Dirk Nowitzki has a firm grasp of basketball and the English language, but his description of the Dallas Mavericks' shaky existence Thursday night came out a little garbled.
"In the third quarter, when we were down seven, I just saw the whole season swimming away," Nowitzki, the Mavericks' German import, said after leading Dallas to a 117-101 victory against the Phoenix Suns.
Presumably, he meant "slipping," not "swimming." Either way, the Mavericks needed a life preserver and a prayer. Nowitzki delivered both, with 22 points in the fourth quarter and 50 in the game, and now the Mavericks -- relegated for much of their history to the kiddie pool -- stand one victory away from splashing in the deep end.
Leading by 3-2 in the best-of-seven series, Dallas has two chances to close out the Suns and win the NBA Western Conference title. The Mavericks have been this close twice before. In 1988, they reached Game 7 of the conference final but fell to the Lakers. In 2003, they were taken out in six games by the San Antonio Spurs.
Nowitzki was almost 10 the first time the Mavericks fell short. He was an injured bystander when they were eliminated in 2003 after injuring a knee in Game 3 of that series.
But the Mavericks are a vastly changed group since their most recent heartbreak, and not only because Nowitzki is as healthy, as mature and as dominant as he has ever been. The team was retooled in the past three years, making moves risky and controversial.
Of the teammates who surrounded Nowitzki in 2003, only two remain: the reserve swingman Adrian Griffin and coach Avery Johnson, who was a backup guard.
Don Nelson, the former coach and general manager who built the Mavericks, stepped aside last year. He was replaced by Johnson, a rookie head coach.
The so-called Big Three who brought the Mavericks back to prominence -- Nowitzki, Steve Nash and Michael Finley -- were reduced to the Big One.
Nash, the creative playmaker, left as a free agent in 2004, when the Suns offered more money than Dallas was willing to pay. Finley, the sweet-shooting veteran swingman, was cut last summer under the NBA's amnesty rule, which allowed Dallas to avoid paying millions in luxury taxes.
In place of Finley, the Mavericks rely on Josh Howard, a developing third-year forward who was taken 29th in the 2003 draft. In place of Nash, the Mavericks have a 23-year-old point guard, the boyish Devin Harris.
Waiving Finley, a respected elder statesman, was a tough move, made tougher when he signed with the rival Spurs -- and made tougher still when the Spurs nearly beat the Mavericks in the conference semifinals.

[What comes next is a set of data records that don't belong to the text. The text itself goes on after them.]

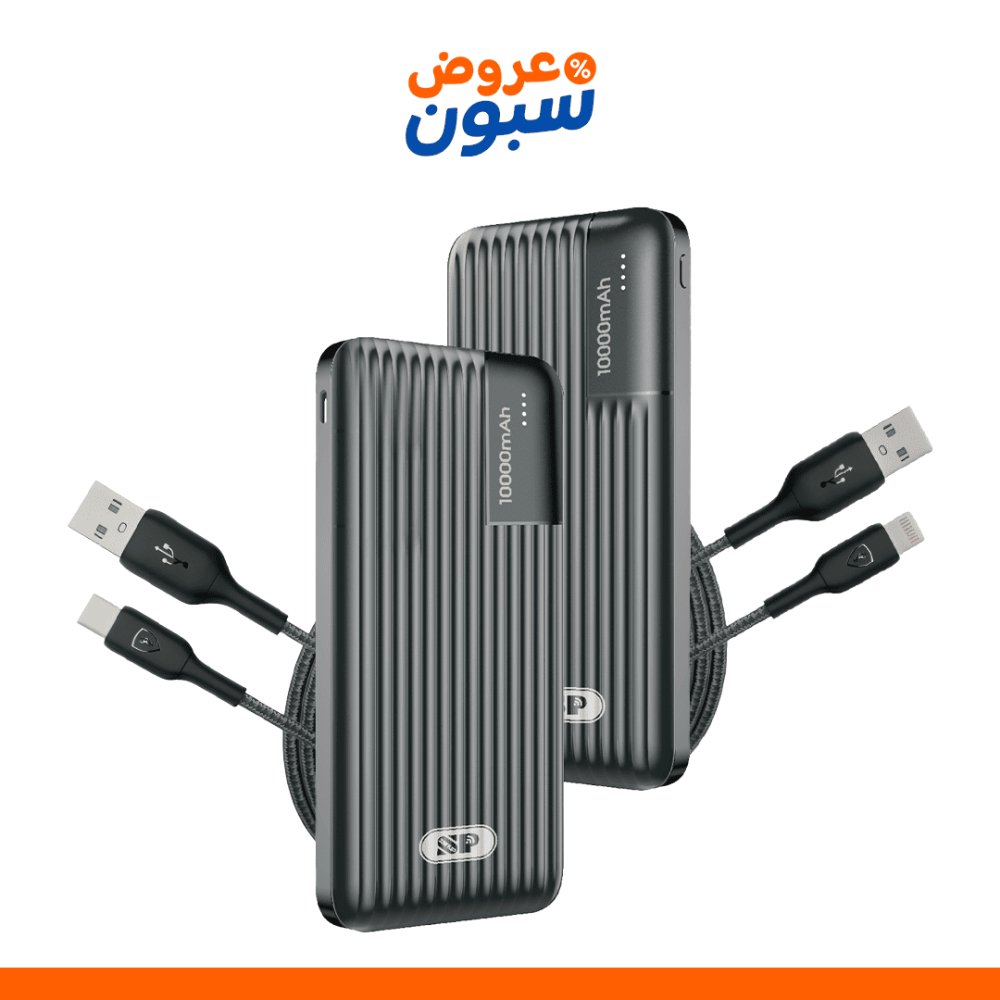 احصل على 2 باور بانك بسعة 10000mAh +اتنين كيبل قماش ضد القطع، تعيش معك وتتحمل الاستخدام اليومي بدون تعب.
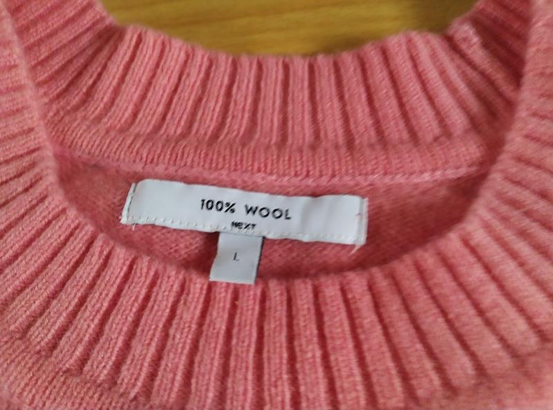 Свитер женский розового цвета, полуобъем груди 60, длина изделия 66, состав- 100% шерсть, на наборе указан размер L, но для этого размера она больше, подойдет на 50 размер
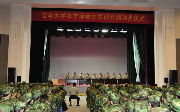 大会在奏唱《国歌》中开始。体育教研室付雅军老师宣布了军训组织机构,郭显彬老师对大家提出了军训要求和应注意的问题,学生、教官代表分别发言,保证积极认真的完成训练任务,不辜负学校学部的期望,盖涛老师作了动员讲话。最后,在奏唱《吉林大学校歌》中军训动员大会结束。
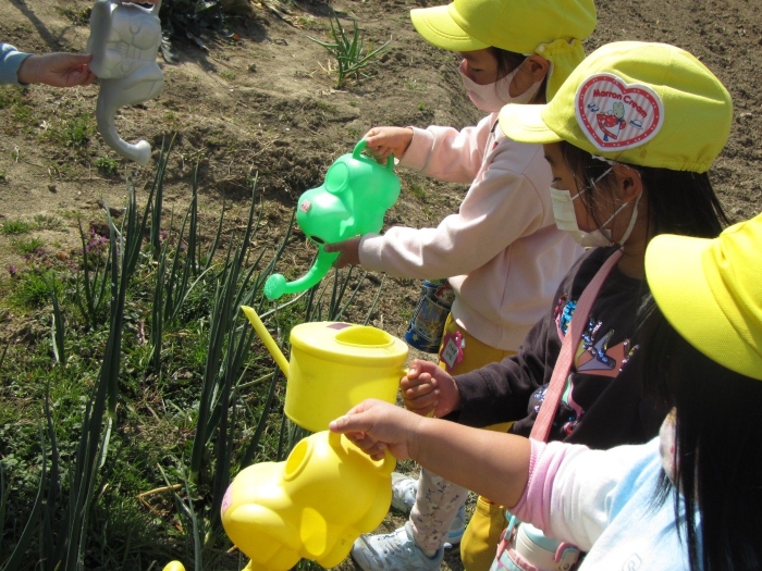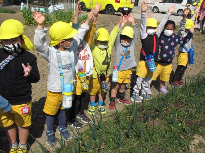 「前より大きくなってる!」「玉ねぎの頭が見えてるよ!!」と成長を感じて喜ぶ子ども達でした☆収穫する時がさらに楽しみになりました♪
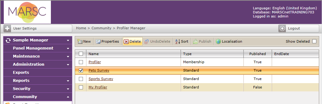 The list shows the profiler name and type, and a published flag which will display True or False. Only published profilers will be displayed on the Q_Community website. Currently End Date is not used in the system, so this will remain blank.
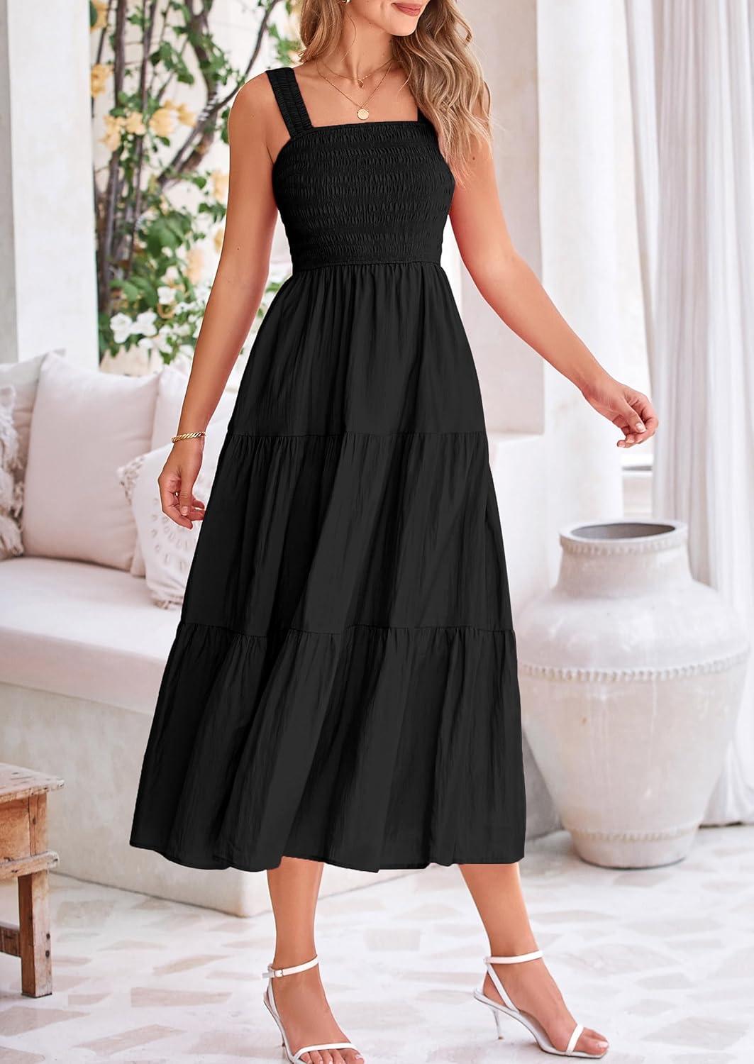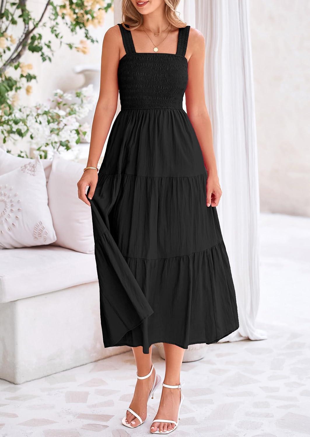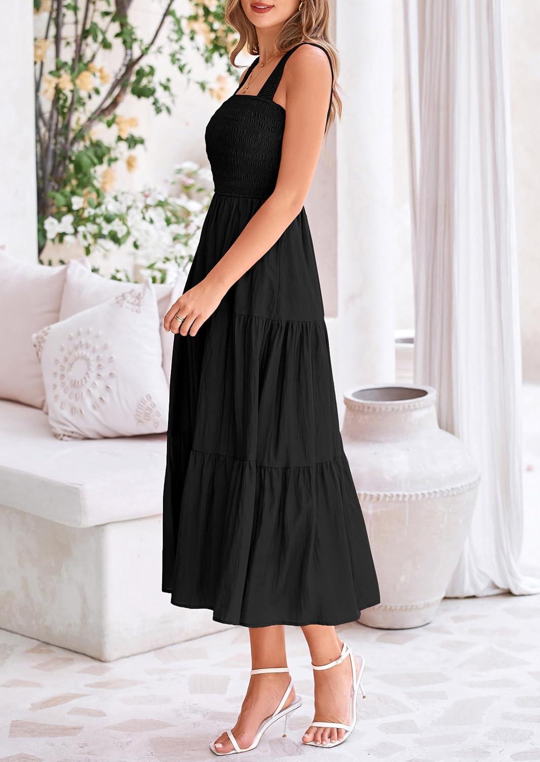 PRETTYGARDEN Midi Dress for Women 2025 Summer Smocked Ruffle A Line Long Flowy Dresses Cute Sleeveless Beach Sundress(Black)
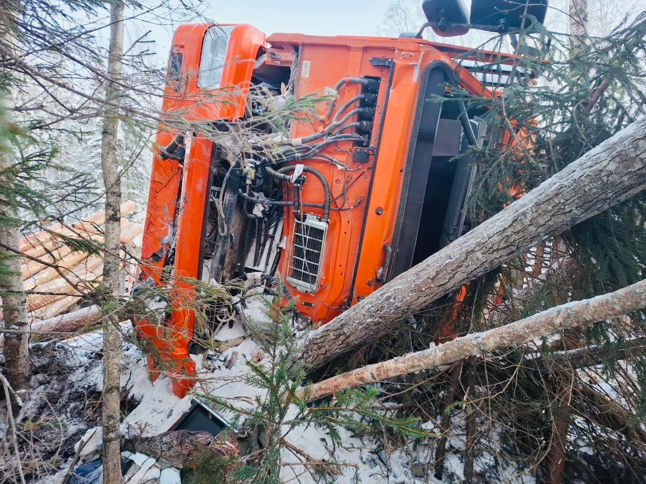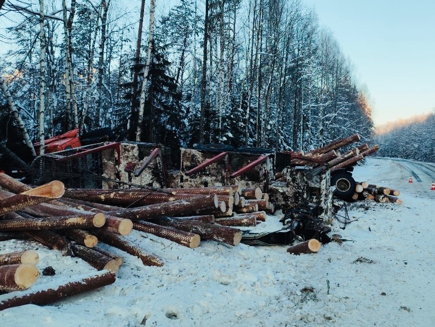 Как сообщает управление ГАИ по Вологодской области, по предварительным данным, в 15:27 водитель КамАЗа с прицепом, груженным бревнами, не справился с управлением. Машина вылетела с дороги в лес и опрокинулась. 42-летний водитель скончался на месте до приезда скорой помощи.
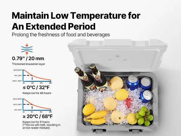 Long-Lasting Cooling: Featuring a 0.79" / 20 mm thick insulation layer, this cooler keeps ice for up to 48 hours in temperatures ≤ 0℃ / 32℉, and up to 8 hours in temperatures ≥ 20℃ / 68℉ (ice will melt, turning to ice water). Tip: For optimal results, avoid direct sunlight and use at least 40% ice relative to total volume.
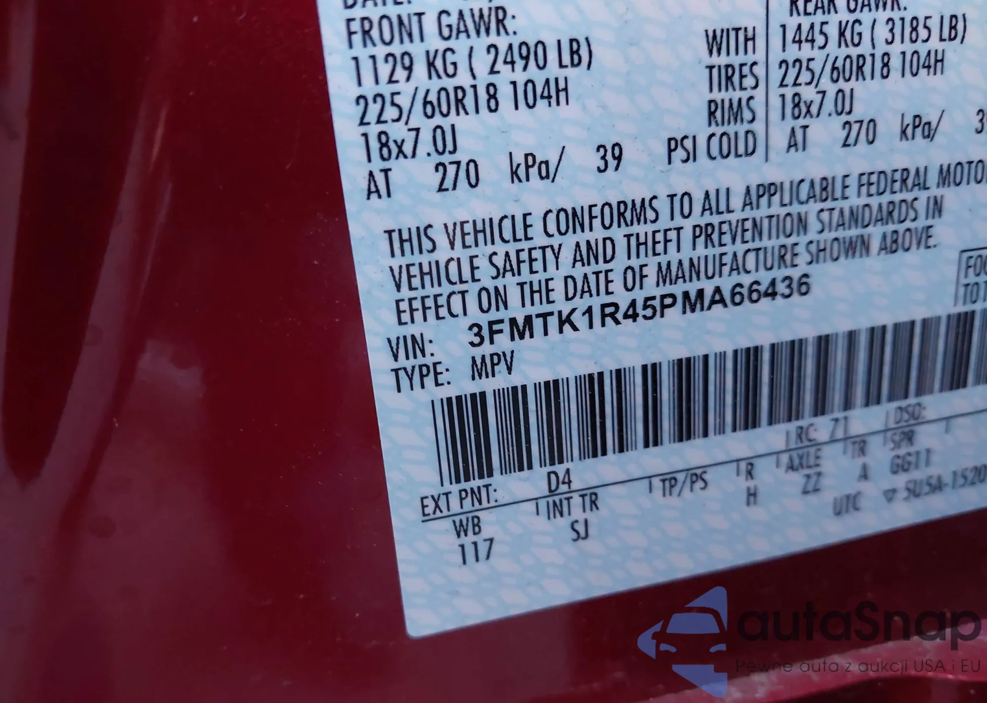 • VIN 3FMTK1R45PMA66436
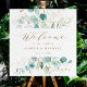 This wedding welcome sign features painted watercolor eucalyptus, botanical green and gold glitter leaves with gold script.

Nash's departure was similarly emotional, made tougher by his close friendship with Nowitzki -- and tougher still because he led the Suns to a second-round victory against Dallas last year.
But with the franchise poised to go to NBA finals, where it has never been, every move is cast in a new light. Just do not ask the owner, Mark Cuban, if a berth in the finals validates it all.
"Validation, schmalidation," he wrote in an e-mail message. "The only reward is a ring. Everything else is what friends argue about over beers before they play quarters."
That said, Cuban's best move may have been installing Johnson last year after Nelson stepped down. Johnson, 41, had served just one season as an assistant when Cuban promoted him. Had he waited, Cuban might have had a shot at hiring Phil Jackson or Larry Brown.